Два года уж прошло... Песня неплохая(правда немного ассоциируется с "Ты меня любишь" :Derisive: ). Интересно, кто делал аранж - если ты, то за два года продвинулся серьёзно. Претензии к звукорежиссуре: концентрация низких звуков гасит вокал... Желательно выставлять на сайт типа dump.ru - можно сразу прослушать, не все хотят скачкой заниматься. Успехов!

----------


## SeregaKZ

> Два года уж прошло... Песня неплохая(правда немного ассоциируется с "Ты меня любишь"). Интересно, кто делал аранж - если ты, то за два года продвинулся серьёзно. Претензии к звукорежиссуре: концентрация низких звуков гасит вокал... Желательно выставлять на сайт типа dump.ru - можно сразу прослушать, не все хотят скачкой заниматься. Успехов!


Спасибо) но аранжировку не я делал) заказывал в этом к сожелению не сильно шарю мож когда ни будь до петрю)) 
А на счет что похожу)) ну может есть немного но больше гармонией мне кажется мелодия все равно другая. И когда сочинял ни разу эту песню не слышал) это потом мне тоже сказали что похожа нашел в инете по млухал снаяало вроде не было похоже ну к пятому разу слушания Серова все таки оставляет какой-то отпечаток) Ну теперь уж что получилось)
А вот про низкие ноты я что не много не понял)

----------


## Лев

Ну раз аранж не ты делал, то спрос только за сведение...
Как и в чём ты себя пишешь?

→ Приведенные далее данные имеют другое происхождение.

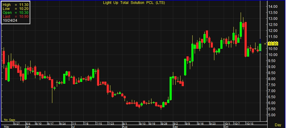 ผู้สื่อข่าวรายงานว่า วันนี้ (24 ต.ค.) ราคาหุ้น บริษัท ไลท์อัพ โทเทิล โซลูชั่น จำกัด (มหาชน) หรือ LTS ณ เวลา 11:18 น. อยู่ที่ระดับ 10.90 บาท บวก 0.60 บาท หรือ 5.83% สูงสุดที่ระดับ 11.30 บาท ต่ำสุดที่ระดับ 10.20 บาท ด้วยมูลค่าการซื้อขาย 14.49 ล้านบาท
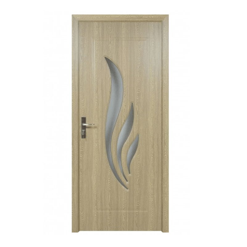 Structura usii este de tip sandwich, cu miez din lemn masiv, placata cu material compozit (MDF), iar foaia usii include rama perimetrala din lemn masiv.
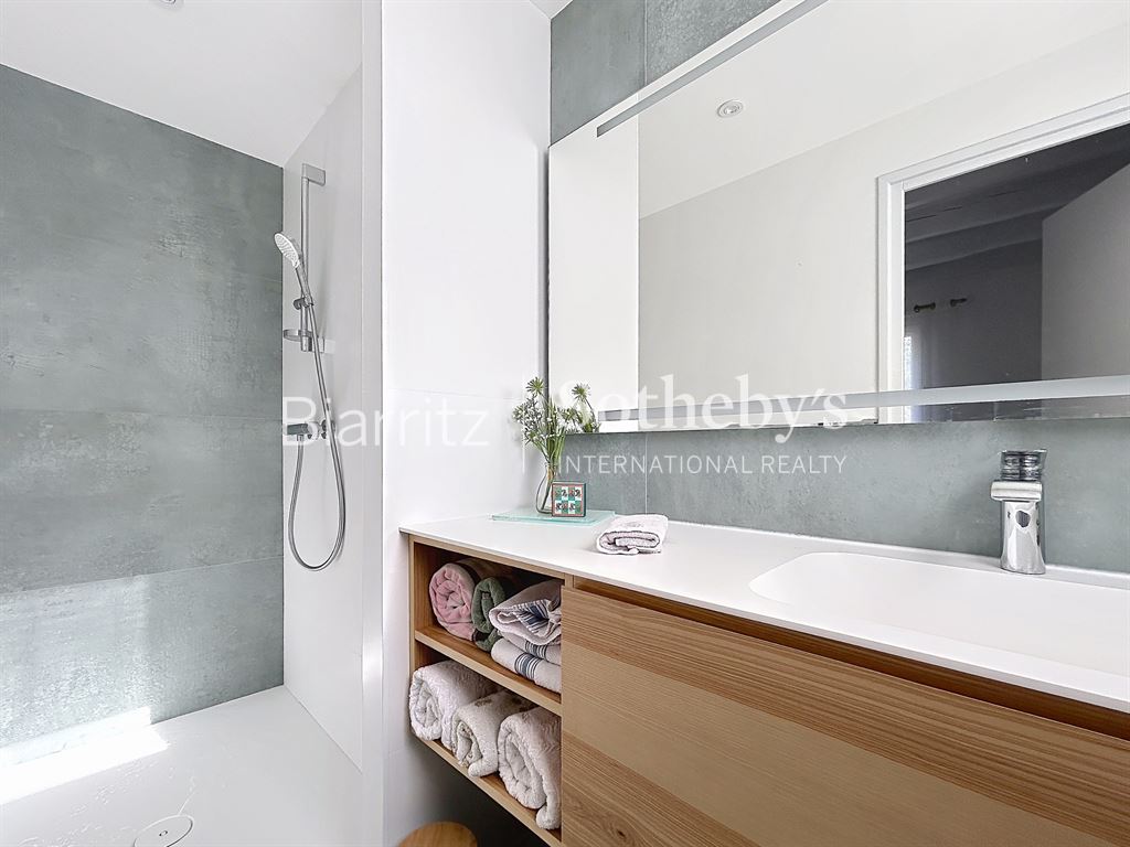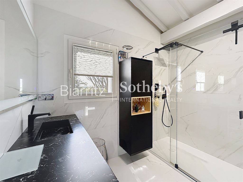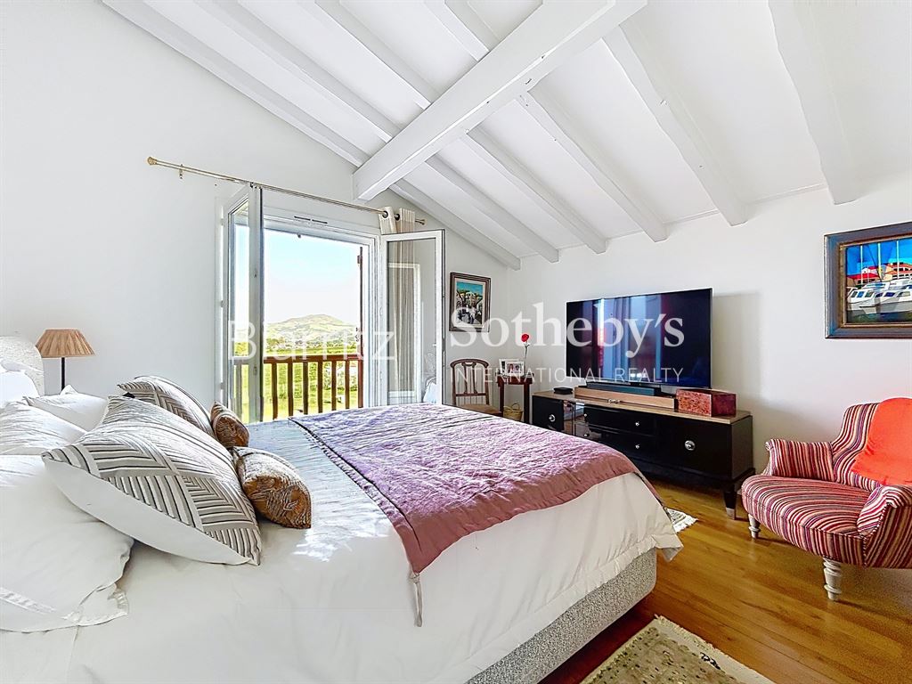 Sur les hauteurs de Larressore, à quelques minutes d’Espelette et 20 min de Biarritz, cette maison basque rénovée de 185 m² offre calme et vue imprenable sur les montagnes. Belle pièce de vie de 70 m² avec cheminée et cuisine sur mesure, 4 chambres dont 2 en rez-de-chaussée, bureau et dressing. Jardin paysager avec piscine, jacuzzi, spa et terrasses.
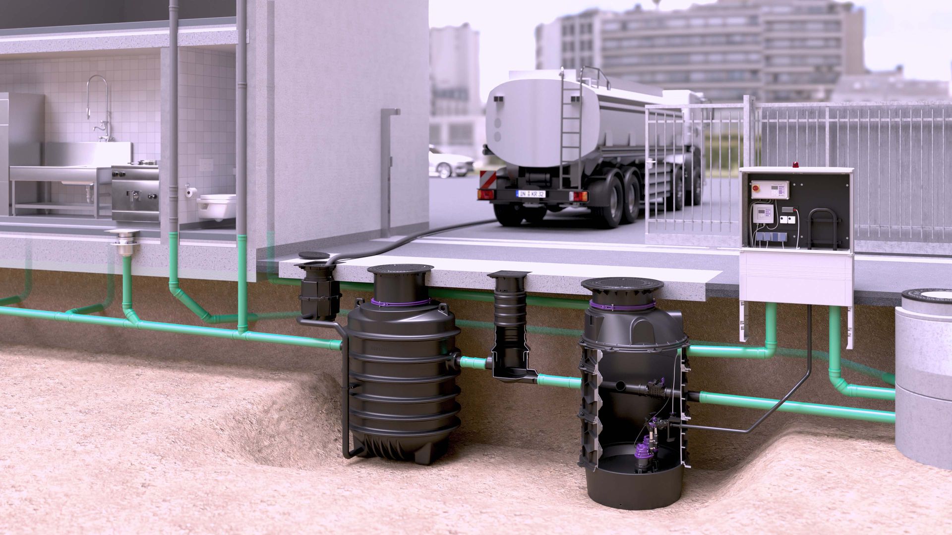 Spesso gli edifici in cui è necessario installare un degrassatore non dispongono di spazio sufficiente nei vani tecnici. Per questo Kessel ha pensato ad una alternativa salva-spazio: il modello EasyClean Ground Oval per l’installazione interrata.
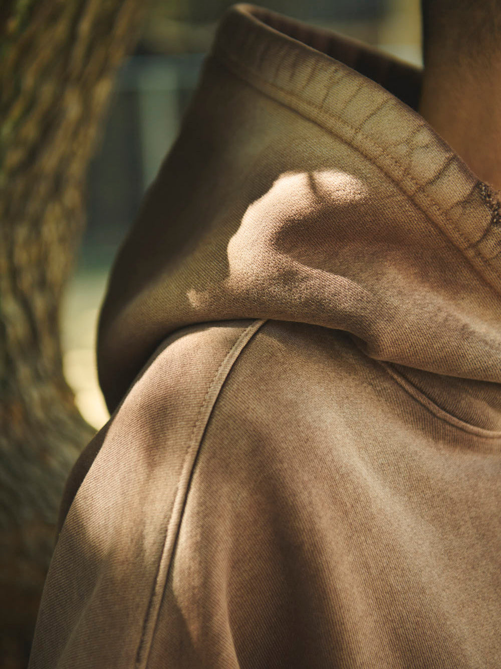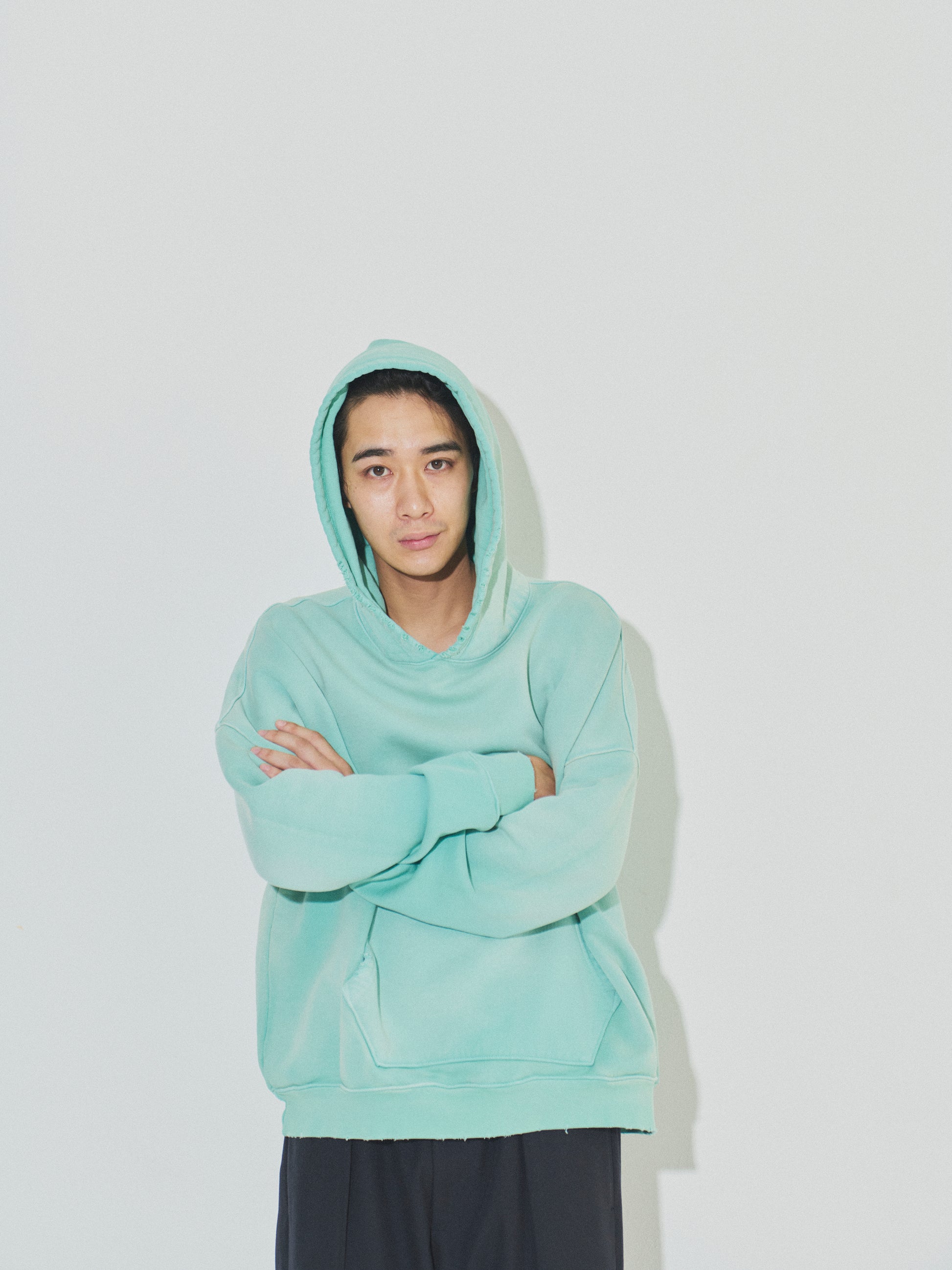 Fleece素材(裏起⽑スウェット)を使⽤しており、素材の特性上着用時に端⽷が付くことがあります。洗濯を繰り返すことでおさまっていきますので、ご理解の上、ご購入お手続きをお願い致します。
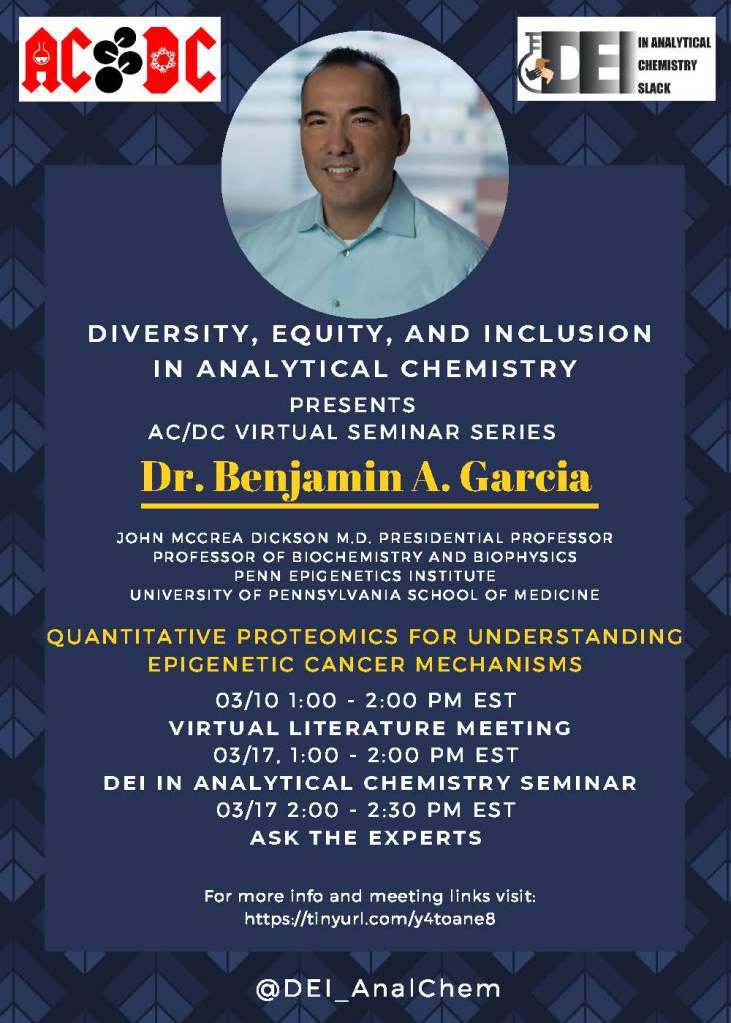 We are excited for our upcoming AC/DC Seminar scheduled for Wednesday March 17th at 1:00-2:00 PM EST with Dr. Ben Garcia from the University of Pennsylvania ! Click here to learn more about the AC/DC seminar series and to sign up for the listserv to receive meeting links.

Тебе самому нравится баланс голосового и аккомпанирующего треков?

----------


## SeregaKZ

> Ну раз аранж не ты делал, то спрос только за сведение...
> Как и в чём ты себя пишешь? Тебе самому нравится баланс голосового и аккомпанирующего треков?


Вообще плюс писал у тогоже человека у которого и минус делал ну мне кажется можно было голос немного бук вально чуток в перед сделать)))
А как вам Ваше мнение?

----------


## Лев

> А как вам Ваше мнение?


Я об этом и пишу...

----------


## SeregaKZ

Вы вот писали про концентрацию низких звуках это про минус да? мне тоже так знакомая одна сказала)
что слишком много низов)

----------


## Лев

> что слишком много низов


Сказать так - ничего не сказать... Минус сам по себе относительно нормален(в пределах возможности аранжировщика) - просто он конфликтует с твоим голосом по диапазону и тембрально.

----------


## SeregaKZ

> Сказать так - ничего не сказать... Минус сам по себе относительно нормален(в пределах возможности аранжировщика) - просто он конфликтует с твоим голосом по диапазону и тембрально.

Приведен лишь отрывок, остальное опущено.